'Dope' Director Rick Famuyiwa Talks Music, Filmmaking, Inspirations And Impact
You can't make a movie like Dope without a ton of passion. Every frame, every character, every decision comes from a love not just of cinema, but for pop culture as a whole. The film's writer and director Rick Famuyiwa is a massive film fan and geek who cites Spielberg, Lucas, and calls Back to the Future his favorite movie of all time.
However, looking as Famuyiwa's resume, odds are you didn't know any of that. Before making Dope, he directed The Wood, Brown Sugar and Our Family Wedding. Three financially successful films, yes, but none of which are known for Dope's sense of youthful exuberance. It feels like, after that formidable foray into filmmaking, Famuyiwa is finally hitting his stride. Dope is a confident film, a fun film, and a great film to discuss.

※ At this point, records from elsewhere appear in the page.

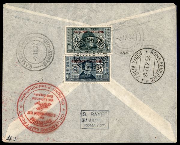 5° Volo in Sud America/5° Sudamerikafahrt - 29 agosto/7 settembre 1932 - coincidenza Stoccarda Friedrichshafen (Longhi 128 - Michel 273c) busta da Bengasi del 23.8.32 per Rio de Janeiro affrancata con valori di Colonie fronte retro - 2 lettere volate - Diena
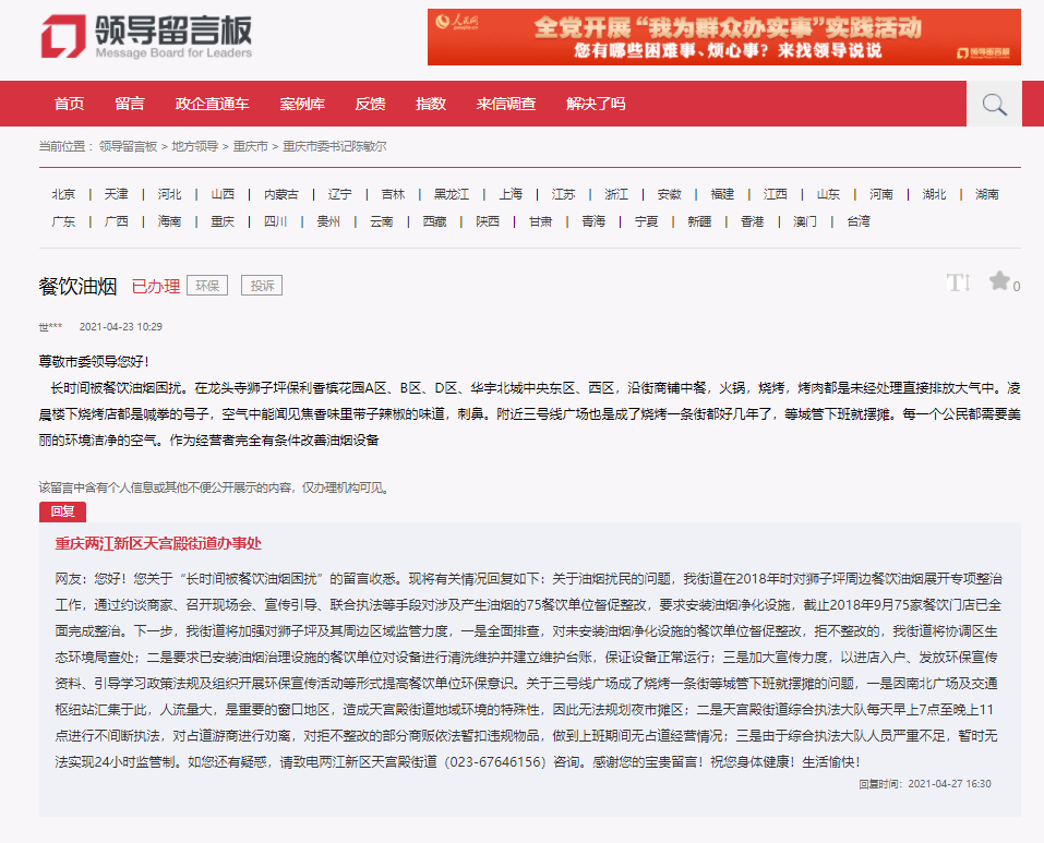 人民網(wǎng)重慶5月6日電 (陳琦)近日,有網(wǎng)友通過人民網(wǎng)《領(lǐng)導(dǎo)留言板》留言, 反映其居住的龍頭寺獅子坪保利香檳花園一帶餐飲店油煙、噪音擾民問題。對此,兩江新區(qū)天宮殿街道辦事處給予回復(fù)。具體內(nèi)容如下:
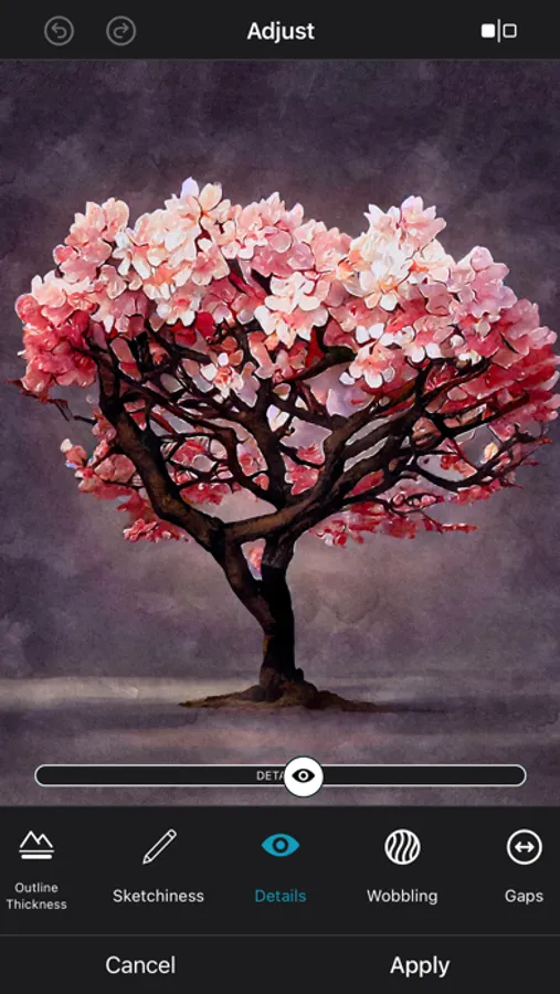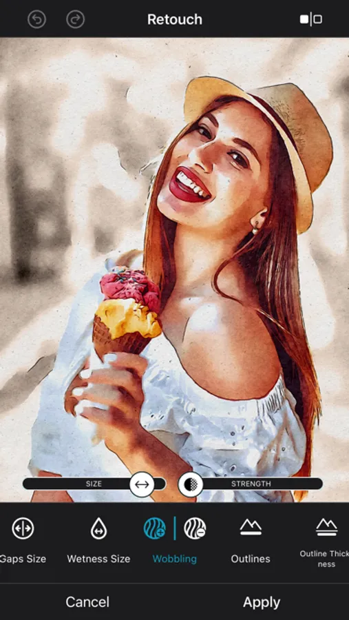 Control the watercolor technology on your own. Decide how your overall artwork should look like by controlling 11 different type of style parameters. Apply more, or less outlines, wetness, wobbling and much more.

Which is exactly what we did. We spoke with Famyuiwa on the occasion of Dope, which opens Friday June 19, and talked about the film's complex tone. Its use of pop culture references, issues with music, how it changed from its Sundance premiere to now, as well as the meaning of "geek" in the film. We broke down two of the best sequences in the movie and found out whether or not the director has been approached to make any major studio blockbusters. Below, read our Rick Famuyiwa Dope interview.

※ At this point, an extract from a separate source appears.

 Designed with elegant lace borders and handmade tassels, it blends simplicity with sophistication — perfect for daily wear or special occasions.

Tonal control in movies is always very difficult. And this movie is all over the place on purpose; it's totally undefinable. Where do you find the tone? Is it the script, is it the edit? Is it on set?
It started with the script. I worked on it a lot just to get that balance 'cause I wanted to put a lot into it. I knew there were gonna be a lot of different genres, styles and tones I was trying to mix. And so I spent a lot of time just really focusing that in the script and getting into a place where I felt like "Okay, this has the nice balance of structural expectation with surprises that you can kind of justify." But that also gets completely modulated once you're on set and you're working with the actors and then clearly in the edit, is where you really find it. When you sort of combine the music with the acting with everything else. That's always my favorite part of the process, post and the editing process. And so that's really where you find it and kind of fine tune it. But it was consciously there from the beginning in the script.
I'm a huge fan of movies with pop culture references. This is a movie that is being sold partially on that concept, but doesn't go overboard with it. What are some of the tropes that you have to avoid and things that you sort of looked at to emulate when you have a movie that's so encompassed in pop culture?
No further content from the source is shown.